01 - In a mixing bowl, blend cream cheese, sour cream, dill, lemon juice, and black pepper until smooth and thoroughly combined.
02 - Lay tortillas flat on a clean cutting board. Evenly coat each tortilla with the cream cheese mixture, spreading to the edges.
03 - Distribute the diced cucumber uniformly over the cream cheese layer on each tortilla.
04 - Place smoked salmon slices in a single layer atop the cucumber on all tortillas.
05 - Begin at one edge and tightly roll each tortilla into a log shape.
06 - Wrap each rolled tortilla in plastic wrap.
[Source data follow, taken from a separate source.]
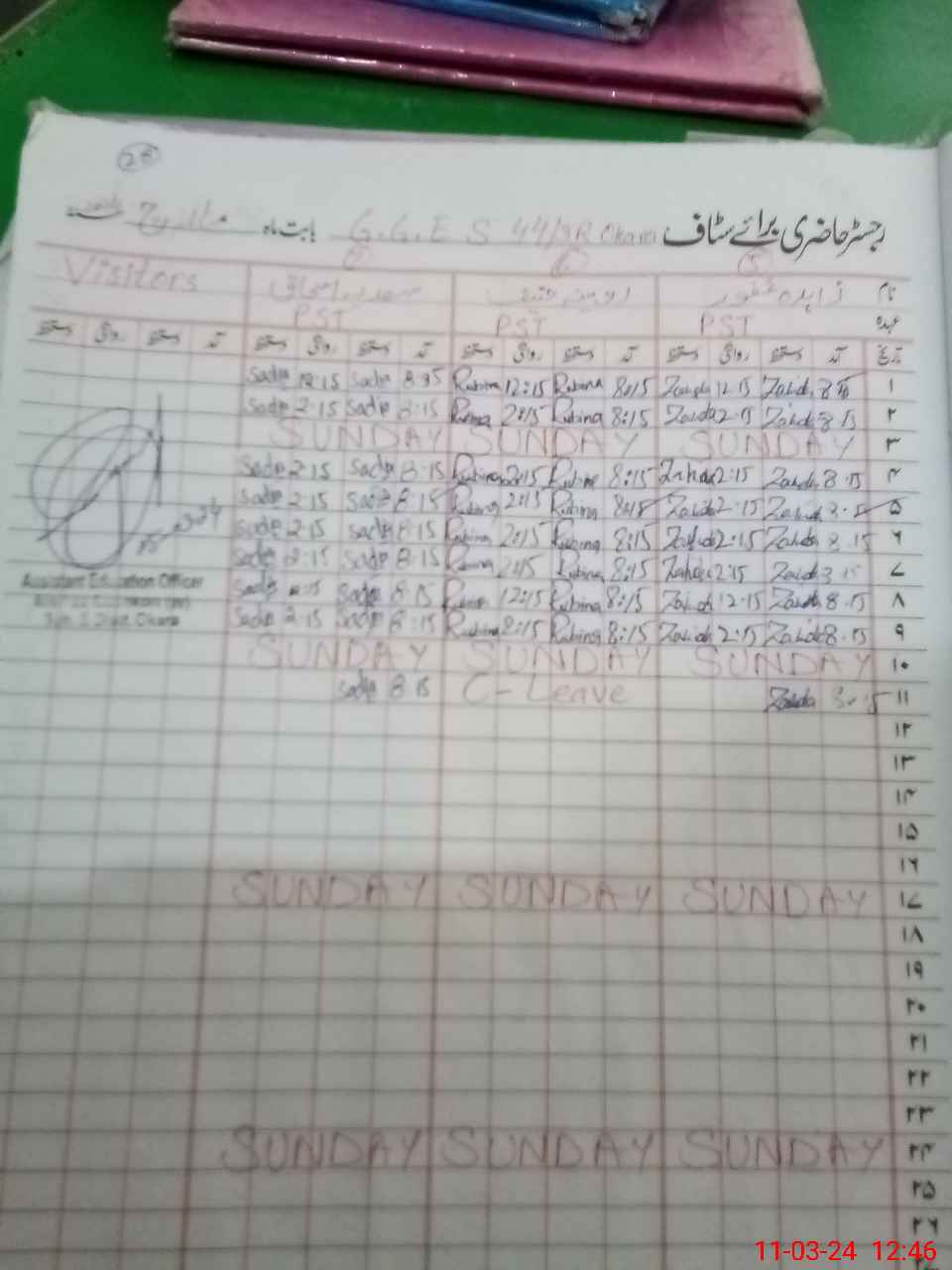 | Name: NA**** AR**** Designation: (School Headmaster's/Headmistress's) SST Phone/Cell Number: 03**** |
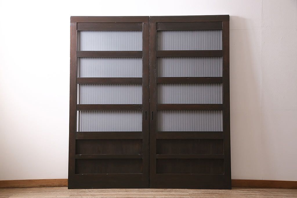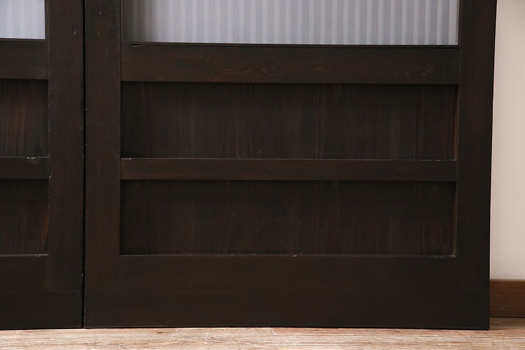 ドア・建具> 2枚・3枚セット > 明治大正期の蔵戸をリペア&カスタム!2枚に分割。設置場所に合わせてリサイズ。戸車、引き手を取り付け。すりガラスを組み入れ。外部用塗装で仕上げ。(玄関戸、引き戸、建具)
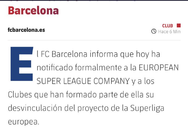 - 巴薩發(fā)布官方公告 宣布退出歐超聯(lián)賽
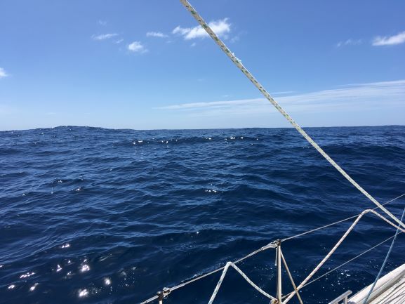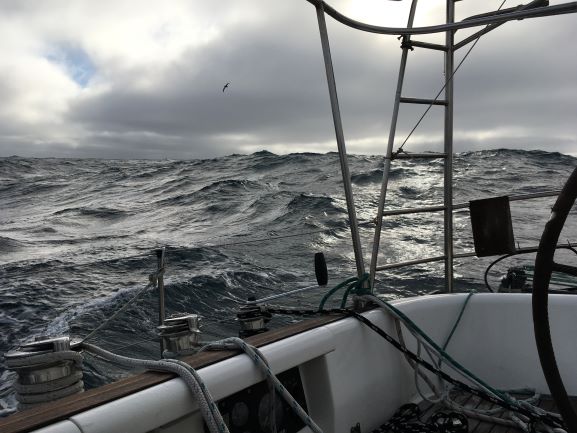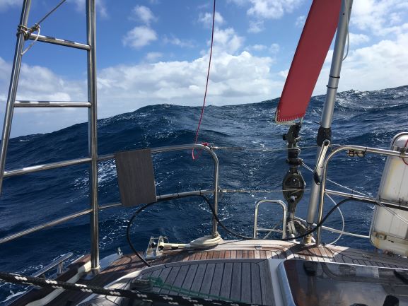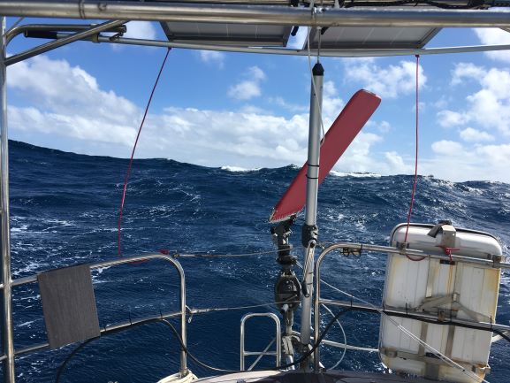 10am Bright, sunny day with just a few small white clouds but seas still well up. No birds to be seen. Adjusted Fred to keep E course. Wind dying and veering to WSW - only making 2.5kt now.
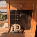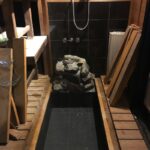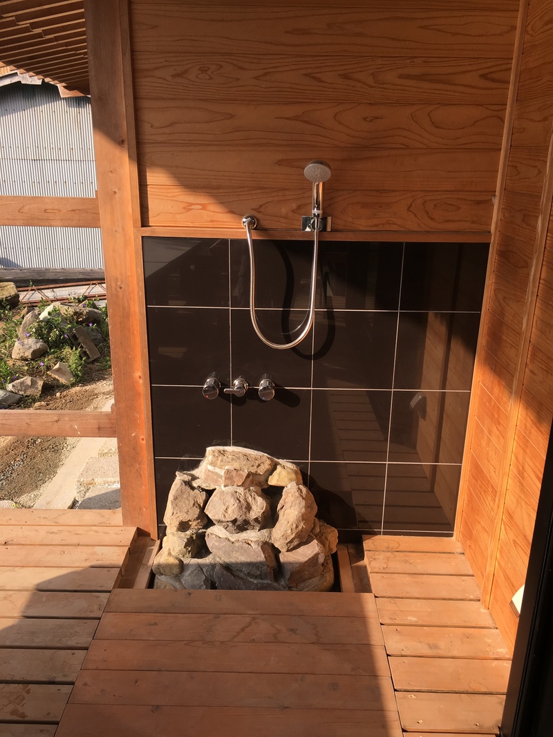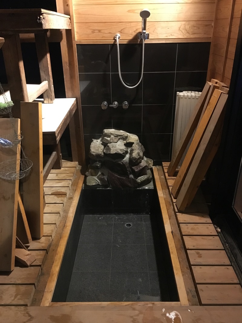 ⑤テラスの床板を取り外せば「なんということでしょう。露天風呂が現れたではないですか!?」テラスの基礎を利用して浴槽を造り黒御影石を貼って仕上げました。庭の夜桜を見ながらのひと時は本当に最高ですよ。
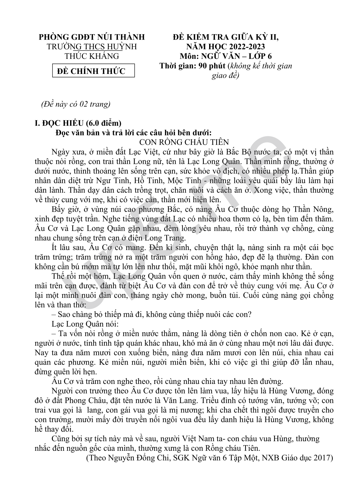 ĐỀ KIỂM TRA GIỮA KỲ II, NĂM HỌC 2022-2023 Môn: NGỮ VĂN – LỚP 6 Thời gian: 90 phút (không kể thời gian giao đề) |

Refrigerate for a minimum of 1 hour to set.
07 - Unwrap the rolls, trim the ends, and cut each roll into 6 equal pinwheels.
08 - Arrange pinwheels on a serving platter and serve chilled.

# Expert Advice:

01 -
  • The cream cheese spread is subtle and herby, making every bite a cool delight.
  • Salmon slices add a savory, luxurious touch for special moments without fuss.
02 -
  • If you rush slicing before refrigerating, the pinwheels fall apart easily.
  • Swapping regular cucumber for English cucumber made the filling less watery and more crisp.
03 -
  • Wet your knife between slices for cleaner, less sticky cuts.
  • Let logs rest seam-side down in the fridge to prevent unrolling.